Frequently Asked Questions

Apa itu TKD?

Transfer ke Daerah (TKD) adalah dana yang dialokasikan pemerintah pusat kepada pemerintah daerah untuk membiayai berbagai kebutuhan operasional dan belanja pegawai.

Mengapa Kemendagri Bakal Cek ke 79 Daerah?

Kemendagri Bakal Cek ke 79 Daerah untuk memastikan bahwa daerah-daerah tersebut benar-benar memerlukan bantuan dana tambahan setelah melalui proses evaluasi dan efisiensi anggaran.

Berapa lama proses evaluasi akan berlangsung?

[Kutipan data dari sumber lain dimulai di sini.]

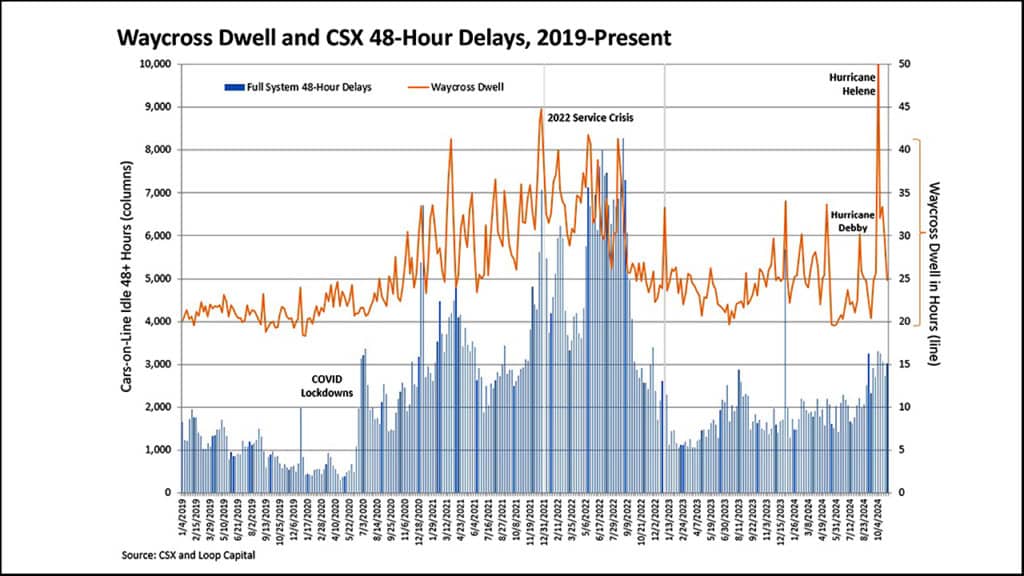 We attended CSX Investor Day 2024 on Nov. 7. There are 25 Wall Street analysts who cover CSX and 24 of them went to hear what CSX’s average annual EPS growth guidance is for the next few years. It’s ~10%, same as the other rails—surprise. CSX was basically telling us to model ~7-8% in 2025 and ~11-12% in 2026 and 2027. We were there because the event included a tour of Rice Yard in Waycross, Ga., and we needed reassurance on an issue that keeps us up at night: the yard’s water drainage systems in the context of network resiliency. We don’t claim to be normal.
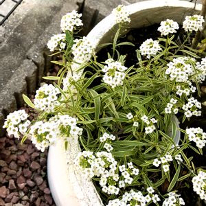 斑入りアリッサム ❀フロスティー ナイト❀ アブラナ科 ニワナズナ属 お迎えしたアリッサム💕 朝日が当たって‥✨✨✨
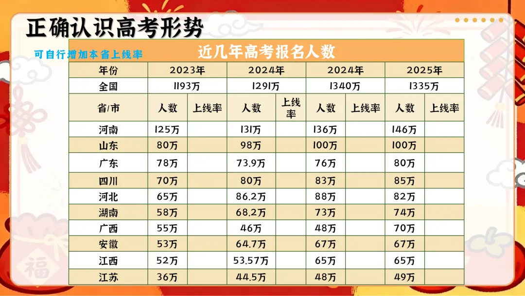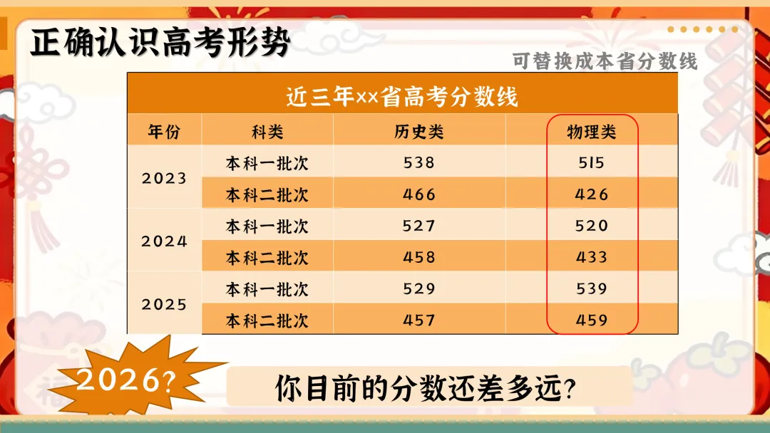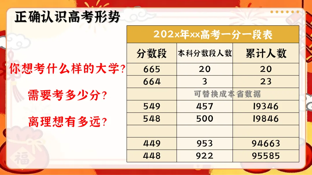 每个板块都预留可编辑空间,可根据本校、本班学情替换省份数据、调整内容,适配高三春季开学第一课主题班会ppt课堂使用。
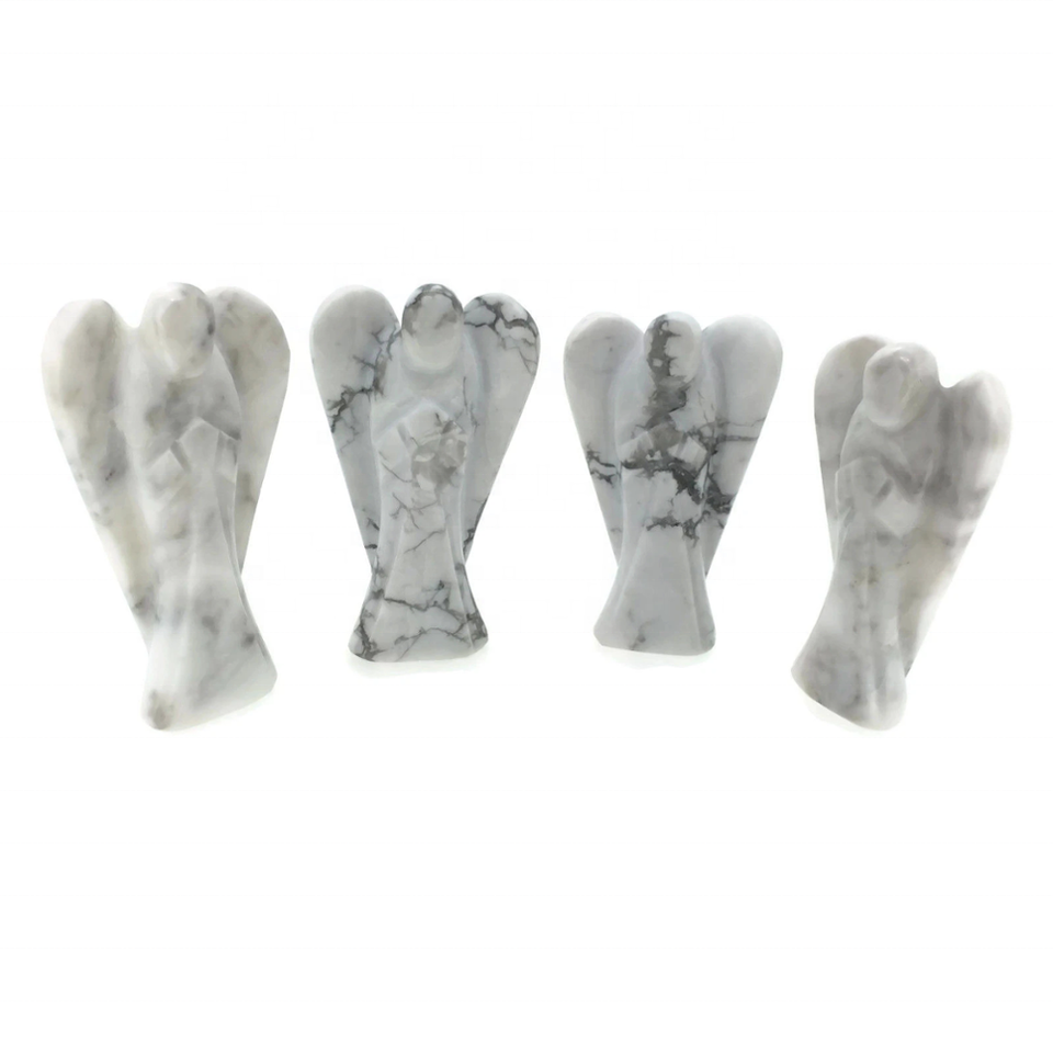 Cristal ange blanc howlite sculpture cristal 2 à 2.5 pouces pierre guérison pierres précieuses en vrac ange figurine pour la décoration de la maison

Proses evaluasi akan dilakukan secara bertahap dengan menurunkan tim ke masing-masing daerah untuk memastikan kondisi keuangan yang sebenarnya.

Apakah semua daerah akan menerima TKD?

Tidak semua daerah akan menerima TKD. Hanya daerah yang telah melakukan efisiensi dan masih memiliki kekurangan setelah penyaluran DBH yang akan mendapat tambahan dana.